## Assigned task
With the images excluded, set down every line of the listing below exactly.

## Supplied data
== == ==

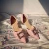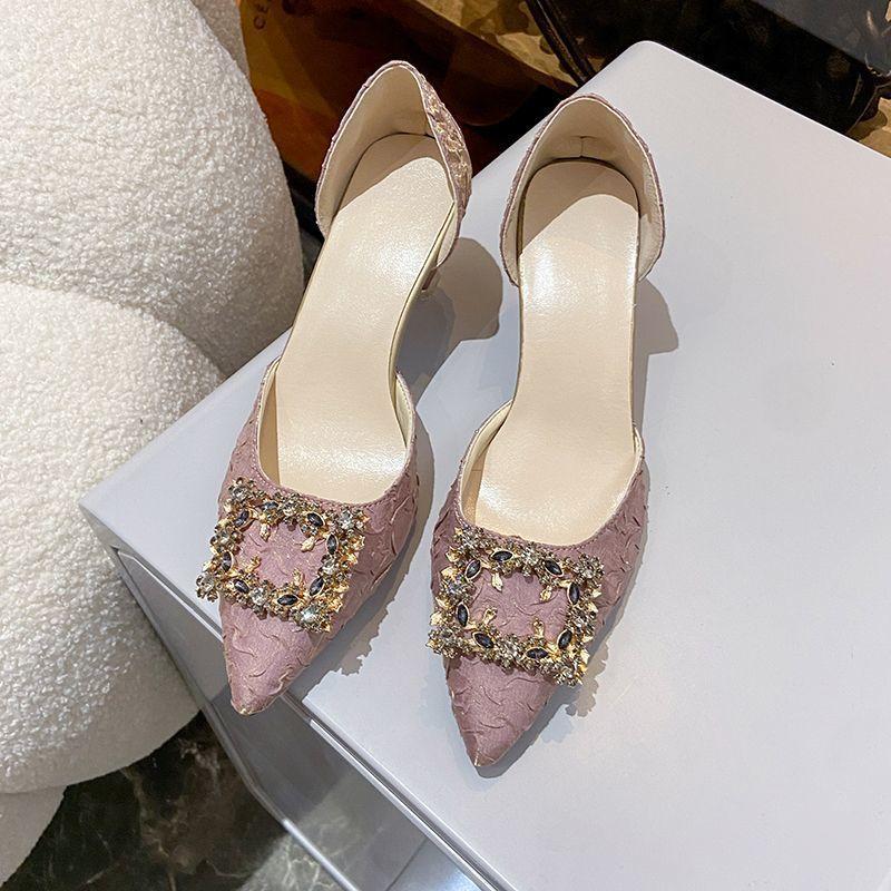 Fashion temperament celebrity women's high heels spring and summer new small fragrant style square buckle pointed single shoes high heels women
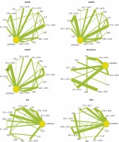 The characteristics of included trials are shown in Table I. In detail, 33 of 56 different trials covered patients around the world and 15 trials included patients predominantly from Asia. The rest of the trials were reported to include patients from Europe (5 studies) and America (3 studies). The length of follow-up ranged from 12 to 54 weeks. Most of the trials included a comparison between two interventions. Only 5 trials mentioned comparisons among three interventions. All trials involved 10 drugs as follows: infliximab (INF), etanercept (ETN), adalimumab (ADA), golimumab (GOL), tocilizumab (TCZ), abatacept (ABT), certolizumab pegol (CZP), methotrexate (MTX), conventional disease-modifying anti-rheumatic drugs (cDMARDs) and placebo (PBO). The full network of comparisons categorized in different outcomes was shown in Figure 2.
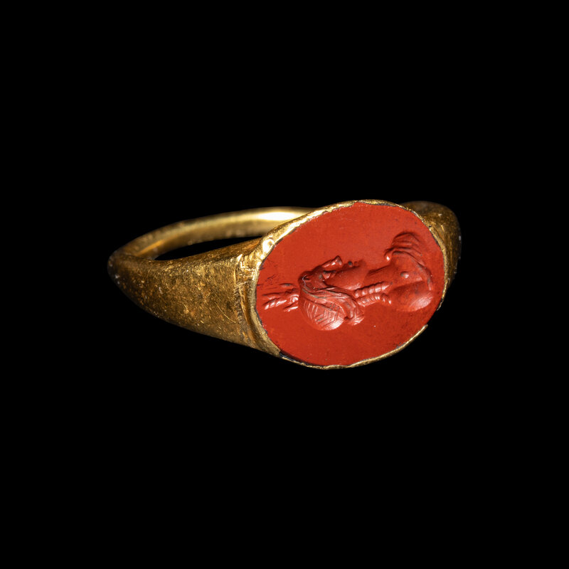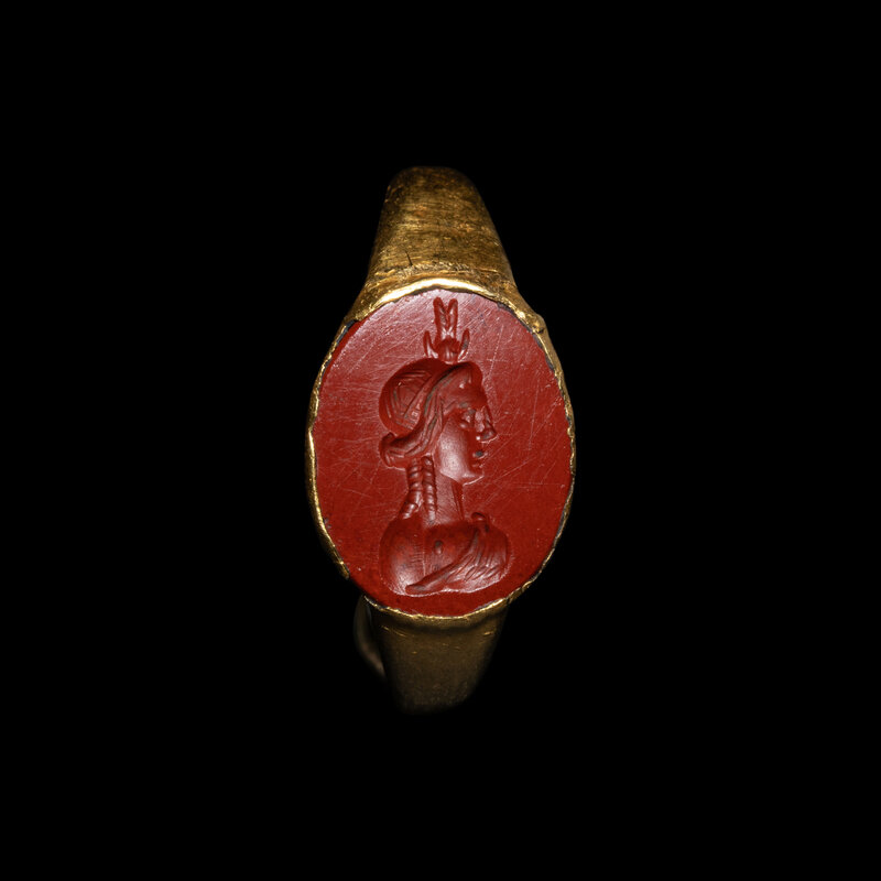 A Roman Gold and Jasper Ring with Isis-Aphrodite
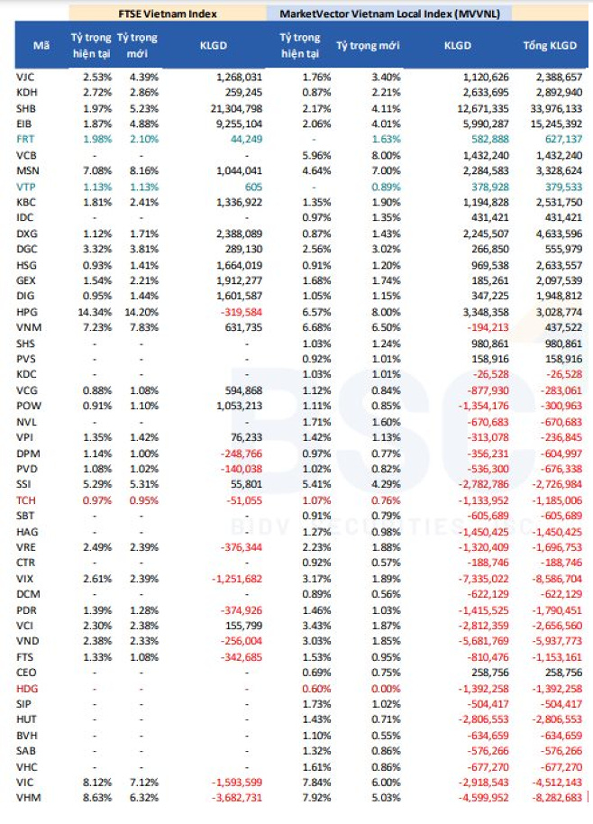 BSC dự báo cả hai quỹ FTSE ETF và VNM ETF sẽ mua vào nhiều nhất ở SHB (34 triệu cp), EIB (15.2 triệu cp), DXG (4.6 triệu cp), MSN (3.3 triệu cp) và HPG (3 triệu cp).

== == ==

## Task response
 Fashion temperament celebrity women's high heels spring and summer new small fragrant style square buckle pointed single shoes high heels women
 The characteristics of included trials are shown in Table I. In detail, 33 of 56 different trials covered patients around the world and 15 trials included patients predominantly from Asia. The rest of the trials were reported to include patients from Europe (5 studies) and America (3 studies). The length of follow-up ranged from 12 to 54 weeks. Most of the trials included a comparison between two interventions. Only 5 trials mentioned comparisons among three interventions. All trials involved 10 drugs as follows: infliximab (INF), etanercept (ETN), adalimumab (ADA), golimumab (GOL), tocilizumab (TCZ), abatacept (ABT), certolizumab pegol (CZP), methotrexate (MTX), conventional disease-modifying anti-rheumatic drugs (cDMARDs) and placebo (PBO). The full network of comparisons categorized in different outcomes was shown in Figure 2.
 A Roman Gold and Jasper Ring with Isis-Aphrodite
 BSC dự báo cả hai quỹ FTSE ETF và VNM ETF sẽ mua vào nhiều nhất ở SHB (34 triệu cp), EIB (15.2 triệu cp), DXG (4.6 triệu cp), MSN (3.3 triệu cp) và HPG (3 triệu cp).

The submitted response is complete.